**Data below**
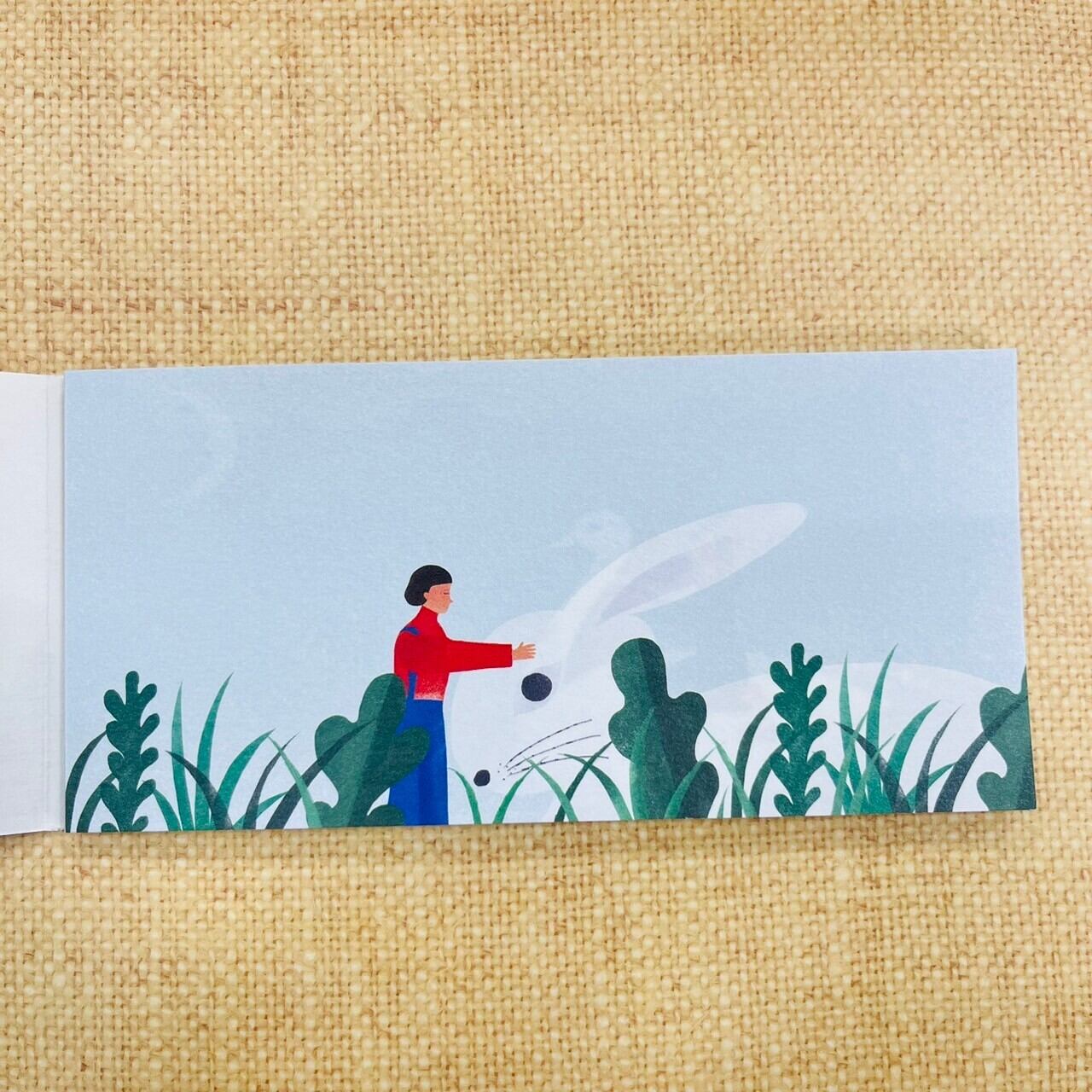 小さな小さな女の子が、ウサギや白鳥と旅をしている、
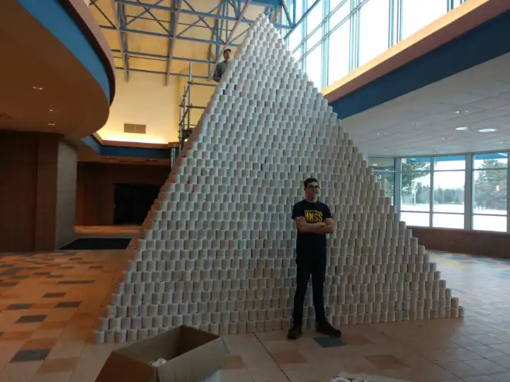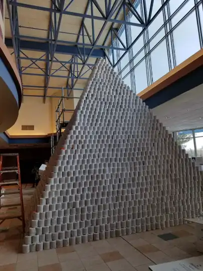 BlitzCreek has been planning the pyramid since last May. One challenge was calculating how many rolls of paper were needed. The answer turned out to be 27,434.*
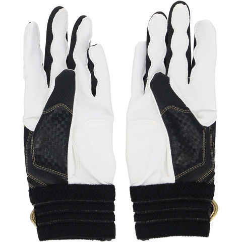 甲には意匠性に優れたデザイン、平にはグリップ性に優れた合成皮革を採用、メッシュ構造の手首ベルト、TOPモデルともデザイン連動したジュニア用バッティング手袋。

**Task instructions**
Could you please return each line of the material exactly, dropping the pictures?

**Your response**
 小さな小さな女の子が、ウサギや白鳥と旅をしている、
 BlitzCreek has been planning the pyramid since last May. One challenge was calculating how many rolls of paper were needed. The answer turned out to be 27,434.*
 甲には意匠性に優れたデザイン、平にはグリップ性に優れた合成皮革を採用、メッシュ構造の手首ベルト、TOPモデルともデザイン連動したジュニア用バッティング手袋。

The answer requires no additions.